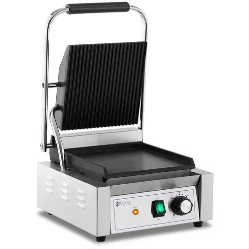 La machine à panini de Royal Catering est un appareil de cuisson professionnel conçu pour les restaurants d’hôtels, les établissements de restauration rapide et les services de traiteur, mais aussi pour les utilisateurs privés. Ses plaques de cuisson sont idéales pour préparer un grand nombre de plats carnés ou végétariens, mais aussi de sandwiches et paninis.
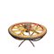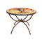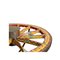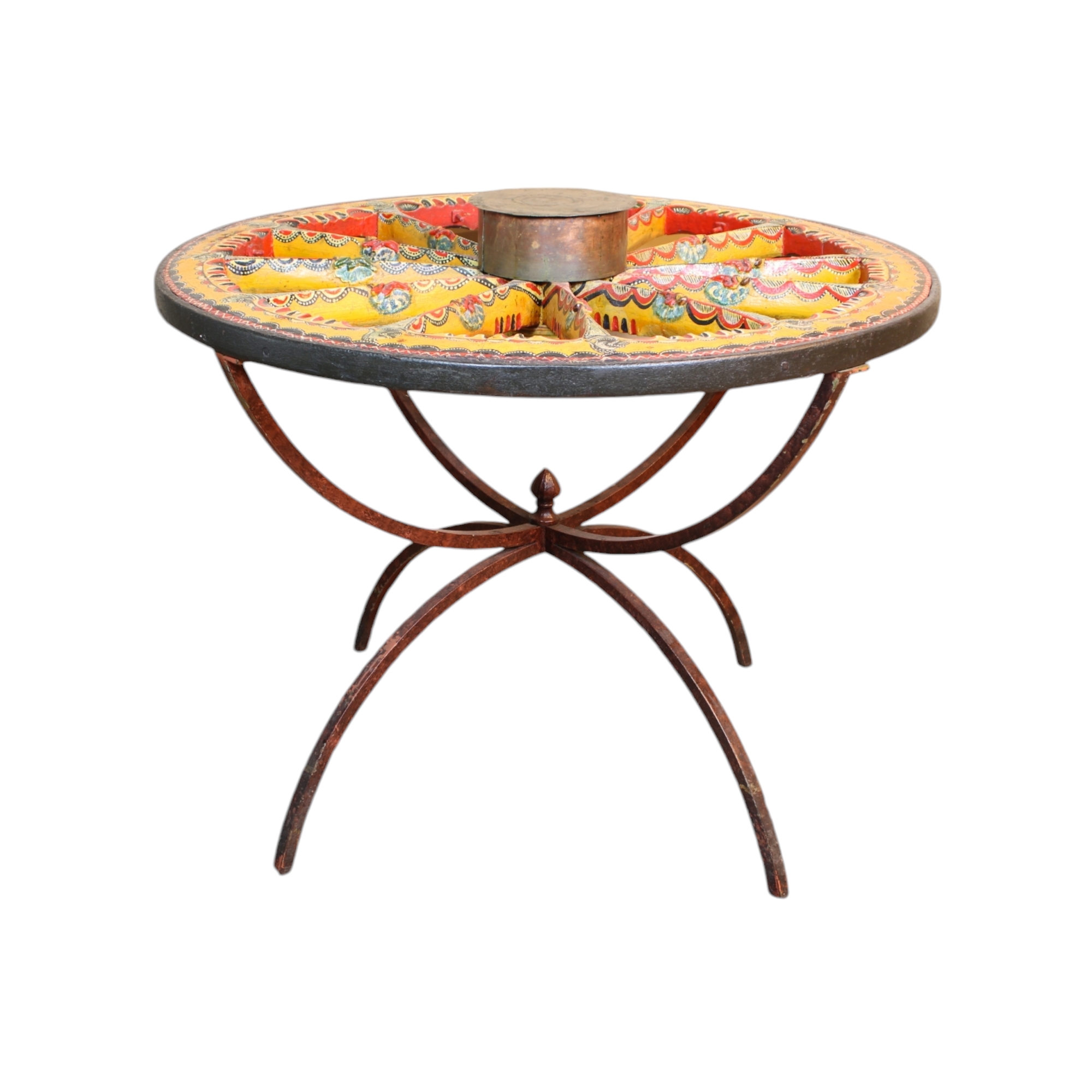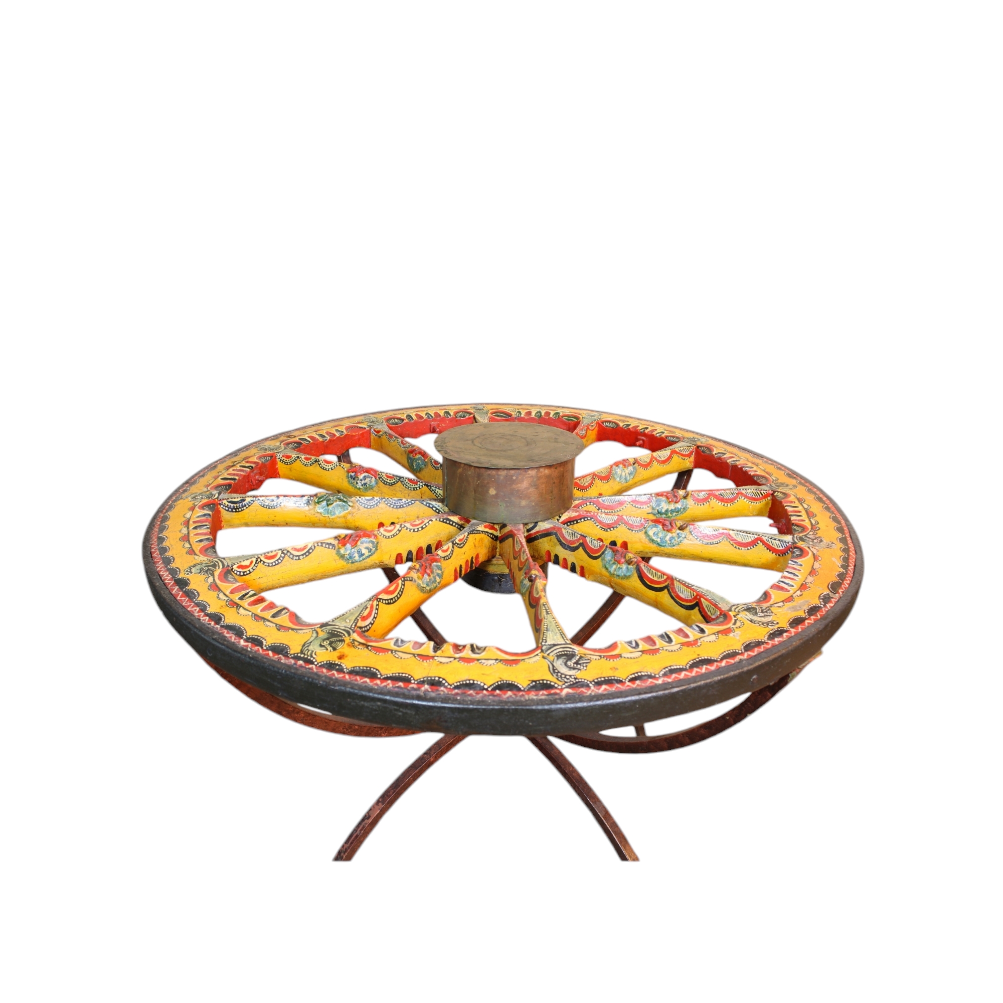 TAVOLO D'APPOGGIO realizzato da antica ruota di carretto siciliano interamente dipinta in policromia con base in ferro non coeva piano in vetro e coprimozzo in rame maestranze siciliane XIX/XX secolo maestranze siciliane XIX/XX secolo h cm 89, 5 x Ø 121
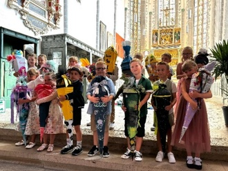 Schön waren sie wieder und niedlich anzusehen mit ihren großen Ranzen. Nach einer kurzen Begrüßung gestalteten die Kinder der 4. Klasse ein kulturelles Willkommensprogramm, welches sie extra für die „Neulinge“ vorbereitet hatten, um diese auf das Herzlichste in unserer Traumzauberbaum-Schule zu begrüßen. Dem Lehr- und Erzieherpersonal ist die Aufregung und der Wunsch der Kleinen, die ja vor allem wegen der Zuckertüten gekommen waren, nicht entgangen. Deshalb ließen Sie sich nicht lange Zeit, um die prächtigen Zuckertüten zu überreichen. Diese waren wieder vor dem prunkvollen Altar auf einem bunten Tuch zu einem Kreis gelegt. Nach und nach wurden nun die Schülerinnen und Schüler namentlich aufgerufen und durften jetzt ihre bereits sehnsüchtig erwarteten Schultüten endlich in den Armen halten. Nach einem kurzen Fotoshooting wurden anschließend dann alle Erstklässler von ihren Klassenlehrerinnen und Erzieherinnen aus der Kirche hinausbegleitet.
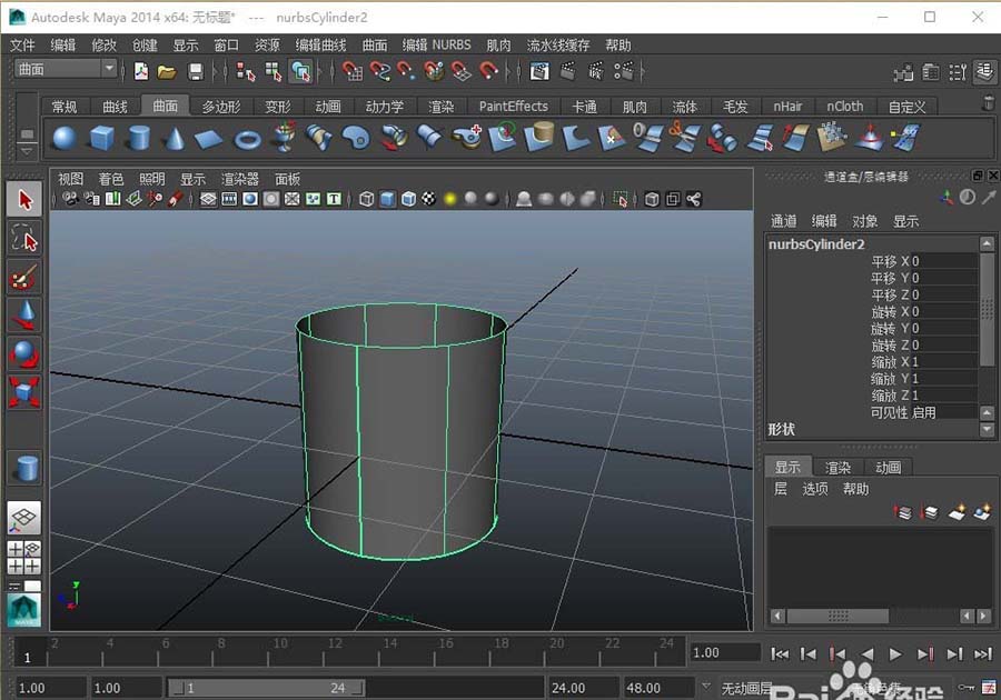 2、在Maya中建立一个曲面圆柱模型,曲面的圆柱模型上下是没有封口的,并且面数较少表面还很平滑。

◆ Prompt:
Set down the material above exactly. Skip any picture.

◆ Reply to the task:
 La machine à panini de Royal Catering est un appareil de cuisson professionnel conçu pour les restaurants d’hôtels, les établissements de restauration rapide et les services de traiteur, mais aussi pour les utilisateurs privés. Ses plaques de cuisson sont idéales pour préparer un grand nombre de plats carnés ou végétariens, mais aussi de sandwiches et paninis.
 TAVOLO D'APPOGGIO realizzato da antica ruota di carretto siciliano interamente dipinta in policromia con base in ferro non coeva piano in vetro e coprimozzo in rame maestranze siciliane XIX/XX secolo maestranze siciliane XIX/XX secolo h cm 89, 5 x Ø 121
 Schön waren sie wieder und niedlich anzusehen mit ihren großen Ranzen. Nach einer kurzen Begrüßung gestalteten die Kinder der 4. Klasse ein kulturelles Willkommensprogramm, welches sie extra für die „Neulinge“ vorbereitet hatten, um diese auf das Herzlichste in unserer Traumzauberbaum-Schule zu begrüßen. Dem Lehr- und Erzieherpersonal ist die Aufregung und der Wunsch der Kleinen, die ja vor allem wegen der Zuckertüten gekommen waren, nicht entgangen. Deshalb ließen Sie sich nicht lange Zeit, um die prächtigen Zuckertüten zu überreichen. Diese waren wieder vor dem prunkvollen Altar auf einem bunten Tuch zu einem Kreis gelegt. Nach und nach wurden nun die Schülerinnen und Schüler namentlich aufgerufen und durften jetzt ihre bereits sehnsüchtig erwarteten Schultüten endlich in den Armen halten. Nach einem kurzen Fotoshooting wurden anschließend dann alle Erstklässler von ihren Klassenlehrerinnen und Erzieherinnen aus der Kirche hinausbegleitet.
 2、在Maya中建立一个曲面圆柱模型,曲面的圆柱模型上下是没有封口的,并且面数较少表面还很平滑。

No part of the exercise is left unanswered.